Kazakhstan, a troubled cryptocurrency paradise

Demonstrations Against Rising Fuel Prices, Total Internet Cutoff to Facilitate Brutal Crackdown, and Bitcoin’s Drop in Value – from $ 46,000 to $ 42,000 – Between January 5-7: The Financial World made the connection this week between the protest movement in Kazakhstan and the fall of the most popular cryptocurrency on the planet. Because this Central Asian country, five times the size of France, has recently become one of the largest producers of virtual currency on the planet. To the point of putting the country’s electricity network in difficulty last year.

Kazakhstan, world leader in bitcoin production

At the beginning of January, following this sudden explosion of violence in the country, the production of cryptocurrency was brought to a halt by the total blackout of the Internet and telecommunications across the country: “No Internet, therefore no mining”, on January 5 released on Twitter Didar Bekbau, the co-founder of Xive, a company involved in building cryptocurrency “farms” in Kazakhstan. Cryptocurrency “mining” refers to the performance by computers of extremely complex calculations that allow the production of virtual currency.

→ READ. In Kazakhstan, president calls for “total destruction” of rioters

Not necessarily enough to significantly reduce the global production of bitcoins, note several observers, but certainly enough to scare investors, in an already volatile context.

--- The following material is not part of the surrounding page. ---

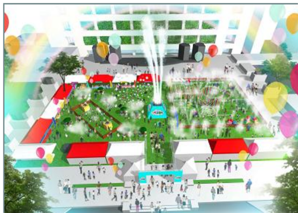
市役所前ふれあい広場が涼のテーマパークに

The current repression in Kazakhstan – which has already claimed dozens of deaths – has put the spotlight on the recent weight taken by this central Asian republic in the world of virtual currencies.

According to an indicator from the University of Cambridge, Kazakhstan provided in the fall up to 18% of the hashrate (“hash rate”), that is, the global computing power used to mine bitcoins, placing this country in the second place of the largest producers of bitcoins after the United States. Autocratic power but favorable to miners, inexpensive electricity, essential to power very energy-hungry computers and a steppe battered by icy winds, ideal for cooling computers: Kazakhstan was, from the start, an excellent candidate for the making a cryptocurrency.

A struggling Eldorado

But it only turned into El Dorado after the decision, in spring 2021, of neighboring China to completely ban the mining of virtual currencies within its borders. The move sparked a mass exodus, and by the summer, Kazakhstan’s share of global computing power used to mine bitcoin rose from 7% to 18%.

→ EDITORIAL. End of reign in Kazakhstan

A short-lived surge, however. Even before the generalized shutdown of the Internet, decided by the Kazakh authorities this week, the context had become less favorable in this former Soviet Republic. In October, the Kazakh company in charge of the local electricity network accused bitcoin miners of being partially responsible for a power cut at Ekibastuz-1, the country’s largest power station. The production of bitcoin consumes too much electricity, plunging the rest of the country into darkness.

A few weeks later, the passage of a new law enabled the operator of the Kazakh power grid to significantly reduce and even, in some cases, completely cut off the power supply to the country’s cryptocurrency farms. Several companies have announced that they have moved their operations to Russia or the United States. “It’s night and day, there is currently no potential for bitcoin mining in Kazakhstan”,assured at the beginning of December, at the Bloomberg agency, Almas Choukine, managing partner of a Kazakh investment firm.

“They made mining a scapegoat, and the miners are now leaving the country”, lamented Didar Bekbau at the same time. The entrepreneur left for the United States in early January.